* **Data section**:
<<<<

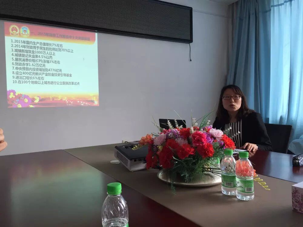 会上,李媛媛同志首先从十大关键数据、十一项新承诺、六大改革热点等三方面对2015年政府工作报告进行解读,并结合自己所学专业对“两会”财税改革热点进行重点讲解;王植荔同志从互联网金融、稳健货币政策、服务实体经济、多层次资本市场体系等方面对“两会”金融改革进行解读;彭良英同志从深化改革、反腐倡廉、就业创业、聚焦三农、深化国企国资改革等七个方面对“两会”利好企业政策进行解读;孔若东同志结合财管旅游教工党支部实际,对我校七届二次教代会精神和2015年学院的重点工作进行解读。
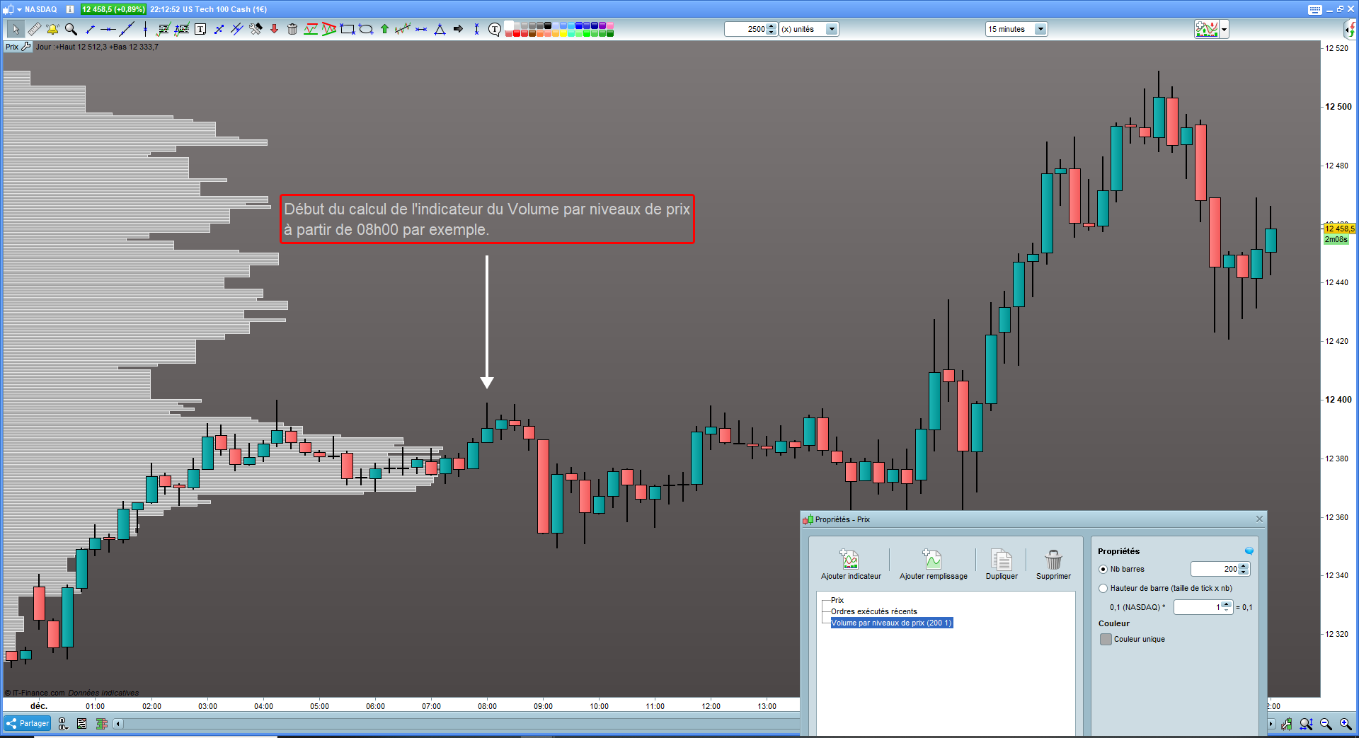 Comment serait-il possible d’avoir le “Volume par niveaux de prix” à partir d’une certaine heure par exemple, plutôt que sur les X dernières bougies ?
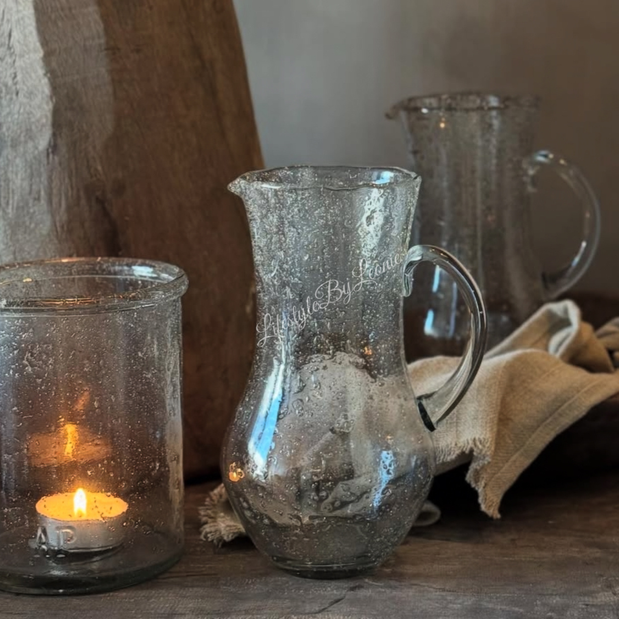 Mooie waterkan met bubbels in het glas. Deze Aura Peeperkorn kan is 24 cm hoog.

>>>>

* **What you should do**:
Your answer should be the lines from the line containing "Comment serait-il possible" through the end of the listing above, output exactly and alone, without the pictures.

* **Task output**:
 Comment serait-il possible d’avoir le “Volume par niveaux de prix” à partir d’une certaine heure par exemple, plutôt que sur les X dernières bougies ?
 Mooie waterkan met bubbels in het glas. Deze Aura Peeperkorn kan is 24 cm hoog.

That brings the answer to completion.